CINCINNATI — Brood X is coming, and before you run away from the massive amount of cicadas, a new mobile app might convince you to stick around.
Cicada Safari is an app that lets you become an amateur scientist, and it could lead to more cicadas being counted than ever before.
"You go out and look for cicadas in your area, and when you find one, you open the app and you take a photograph of the cicada," said Dr. Gene Kritsky, Dean of Behavioral and Natural Sciences at Mount St. Joseph's University.
Kritsky will work with students to examine the photographs in order to assist in counting the number of cicadas that emerge during this 17-year brood emergence. The app was tested first in 2018 with smaller broods
"It goes on a live map," Kritsky said. "You can actually go to that map and zoom in and see your cicada on that map, and so you can follow that emergence live."
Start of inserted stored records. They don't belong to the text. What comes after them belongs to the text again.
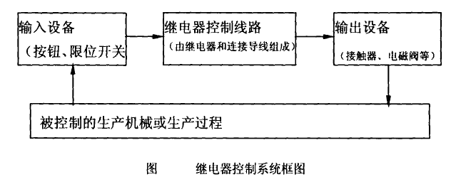 下图中是一个继电器控制系统。由继电器、接触器用导线连接起来以实现控制程序的,因此属于接线程序控制系统,其输入对输出的控制是通过接线程序来实现的,输入设备(按钮、行程开关、限位开关、传感器等)用以向系统送入控制信号。输出设备(接触器、电磁阀等执行元件)用以控制生产机械和生产过程中的各种被控对象(电动机、电炉、电磁阀们等)。
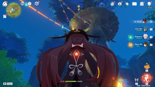 Спрыгните с выступа и спланируйте налево к двум Гидро белкам. Возле них будет четвертая помидорка. Затем спуститесь еще ниже и пройдите на запад. Рядом с деревом вы увидите пятую сферу. Далее идите к четырем эйдолонам, возле которых появится богатый сундук.
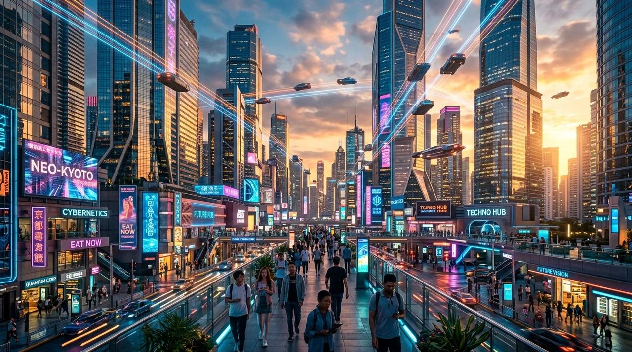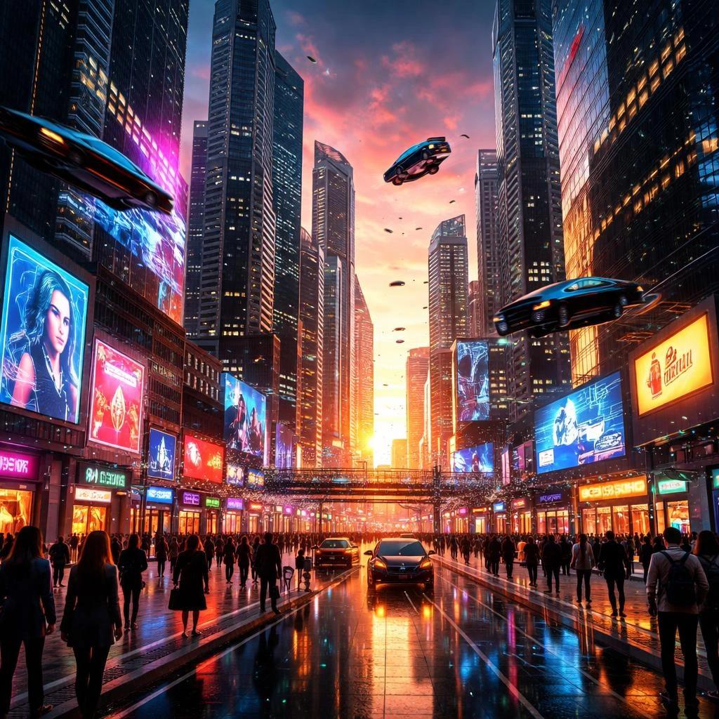 A cinematic, ultra realistic scene of a futuristic city at sunset, with neon lights reflecting off glass skyscrapers. Flying cars move through the air in organized traffic, while pedestrians walk along a busy street filled with digital billboards. Warm golden sunlight mixes with cool neon lighting, creating strong contrast and reflections. Wide angle composition, highly detailed, sharp focus, depth of field, 8k quality.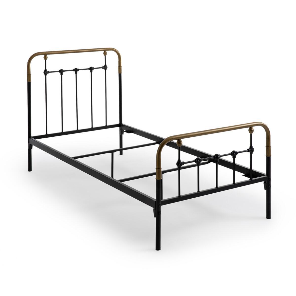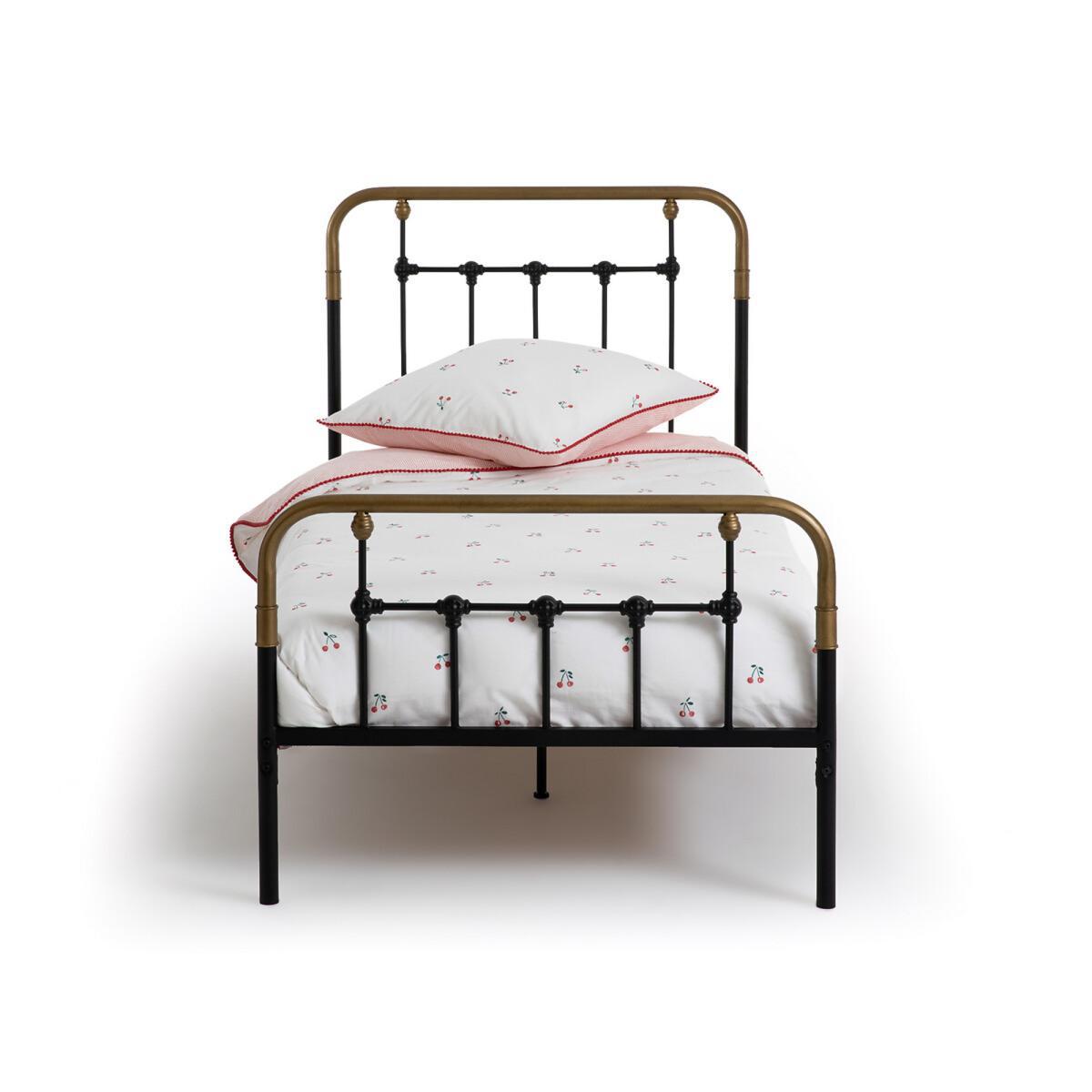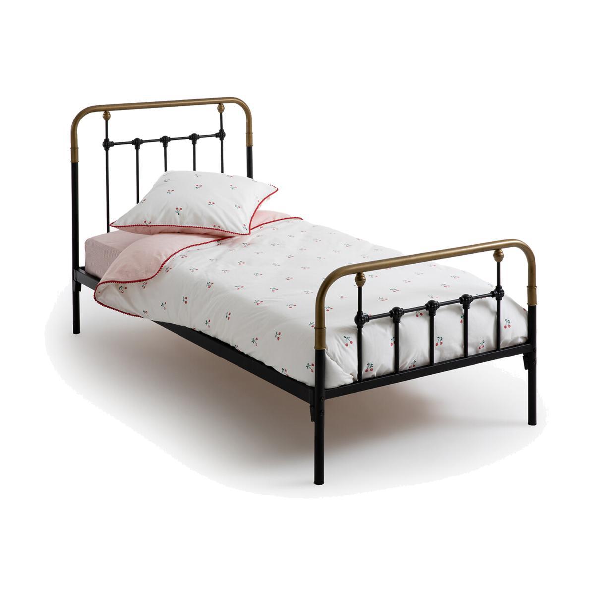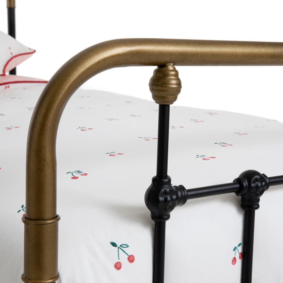 Asper child's bed with metal frame. Inspired by retro beds, this bed has been updated using a combination of white and brass.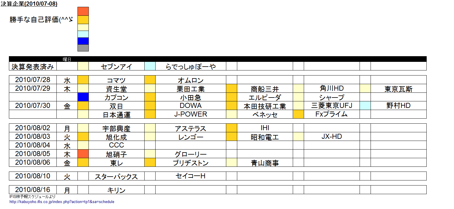 2010/08/10(火曜) (日) 日銀金融政策決定会合(9日~発表)★新月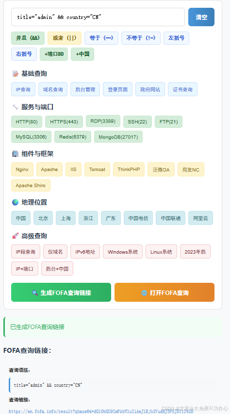 - FOFA语法查询模块:提供丰富的FOFA查询模板与智能语法组合功能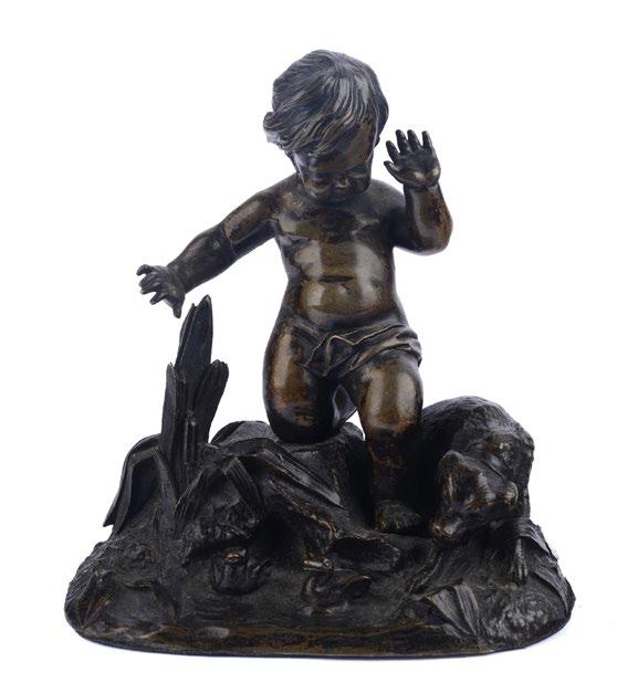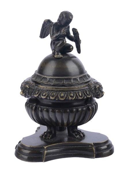 in bronzo, poggiante su base trilobata con profili sagomati, corpo con decori a baccellature e teste di leone, il coperchio è sormontato da una figura di putto alato, XIX sec., cm. 12x8,5x8,5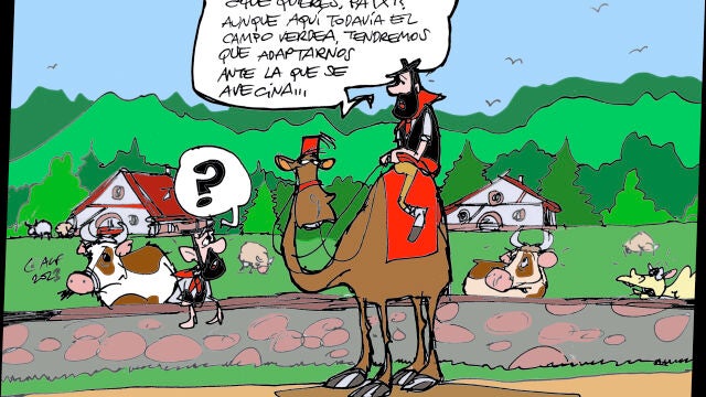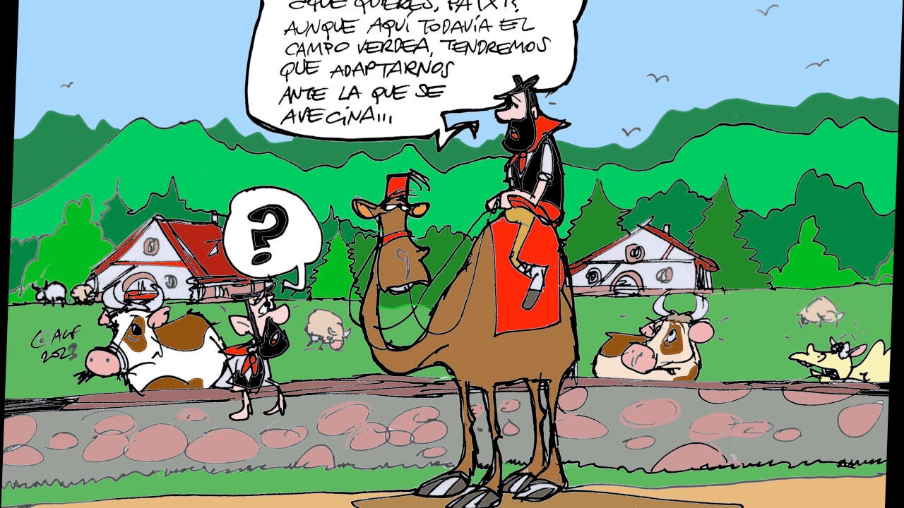 ¿Qué sucederá si sigue la sequía? Las consecuencias ya están provocando cortes y restricciones en algunos puntos de España. "¿Qué quieres, Patxi? Aunque aquí todavía el campo verdea, tendremos que adaptarnos ante la que se avecina...", comenta Alfredo Boto-Hervás en la viñeta gráfica de la semana.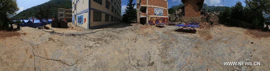 | Panoramic photo taken on Aug. 5, 2014 shows quake-hit Longtoushan Town of Ludian County, southwest China's Yunnan Province, Aug. 5, 2014. At least 398 people have been killed after a 6.5-magnitude earthquake rattled the province Sunday afternoon. The epicenter of the strong quake is in Longtoushan Town. (Xinhua/Xing Guangli) |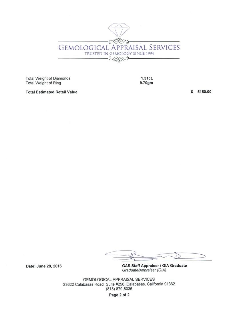 Not all Jewelry, watches or loose stones are appraised and the appraisals are provided for bidders only in certain instances at the discretion of SAA. Our appraisals are conducted by independent third-party appraisal firms. Such firms may be certified GIA Gemologists or have education in the industry or alternative certifications. Appraisals should be used for verification of gemstone and/or metal weight, size, and grade only, not actual value for resale or insurance purposes. Appraisal value should be not considered for actual value, as price varies greatly from retail locations and other merchants in different geographic locations. All Items auctioned by SAA should not be purchased with a view or expectation toward resale for appraisal price given, or to make a profit. The ultimate value for which an item can be resold may vary drastically from the appraisals listed by SAA.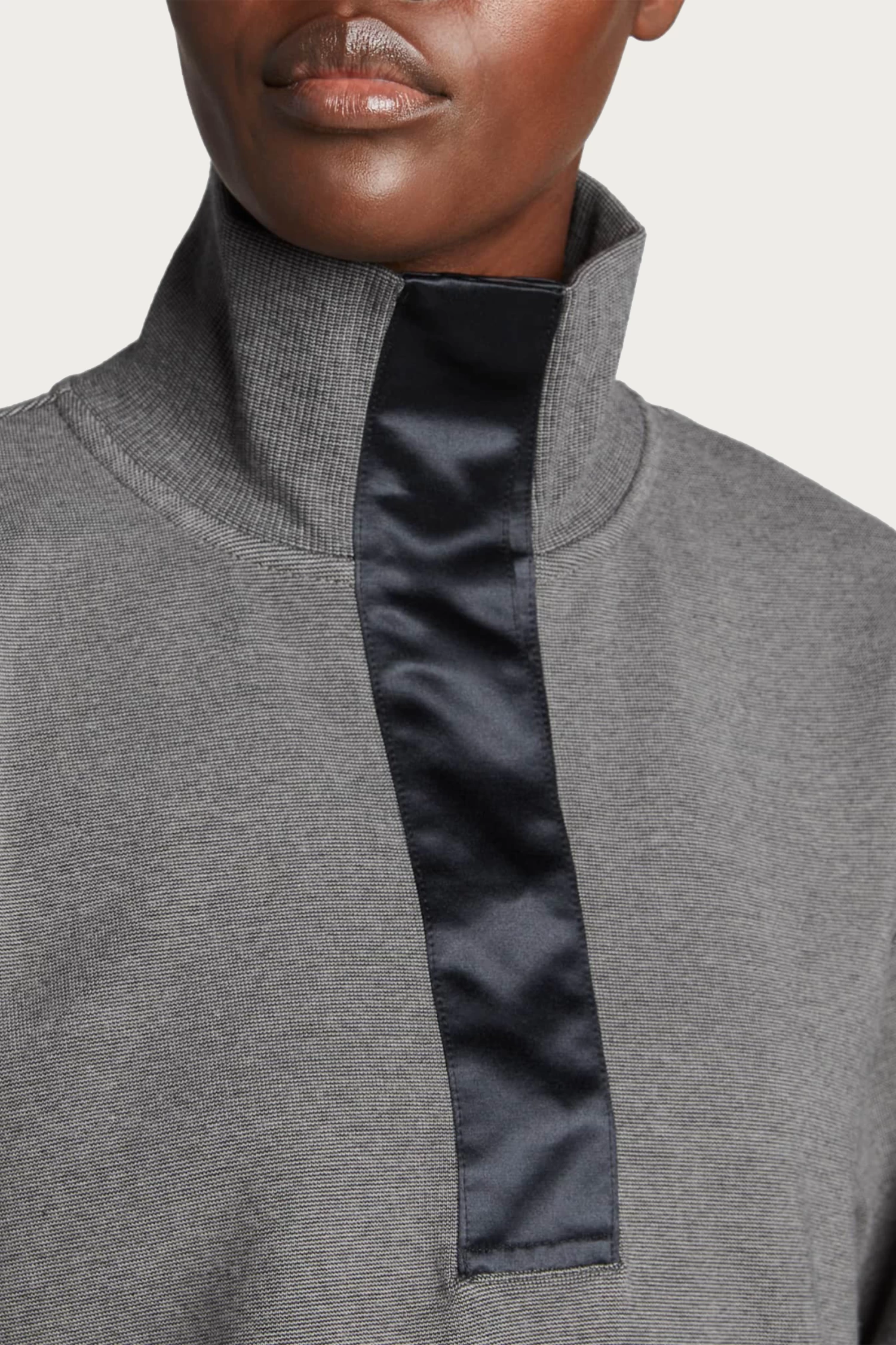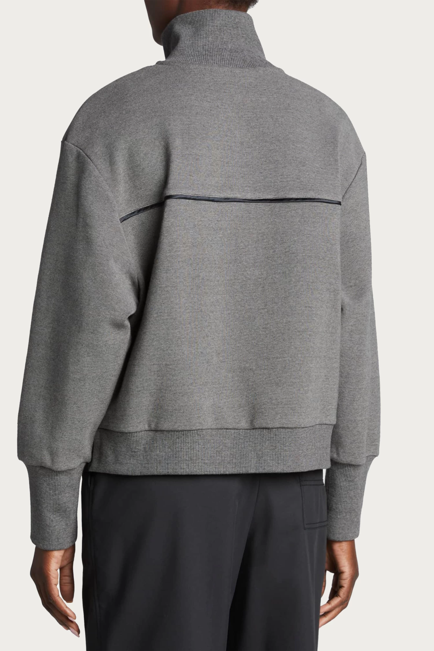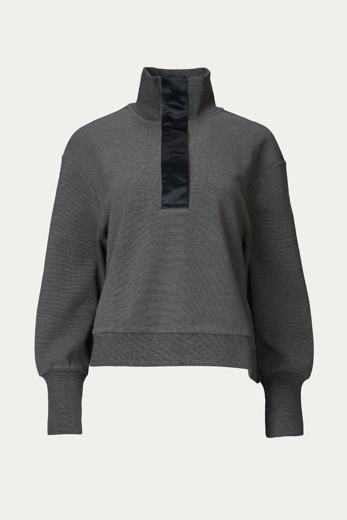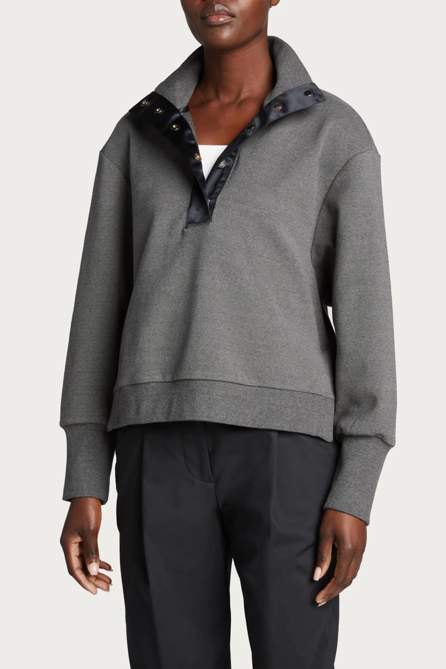 Lounge-worthy comfort meets simple elegance in a half-zip pullover. This pullover features concealed magnetic snaps, dropped shoulders and ribbed trim details. The sateen details at the placket, side vents and back yoke add style. Throw it in your exercise bag to keep your muscles warm post-workout and style with tailoring or jeans when outside the gym.Â

Kritsky said he hopes the app will help further understand the insects' emergence.
"Because of the app, we found not only the brood we wanted to look at; we documented four other cicada broods that emerged off-cycle, which means they emerged on the years they were supposed to and that would've been missed," he said.
Kritsky said the app had already received 1,700 photographs of emergence holes as of Wednesday.
Because of the recent warm weather, he predicts the cicadas will arrive a few days early, around May 11.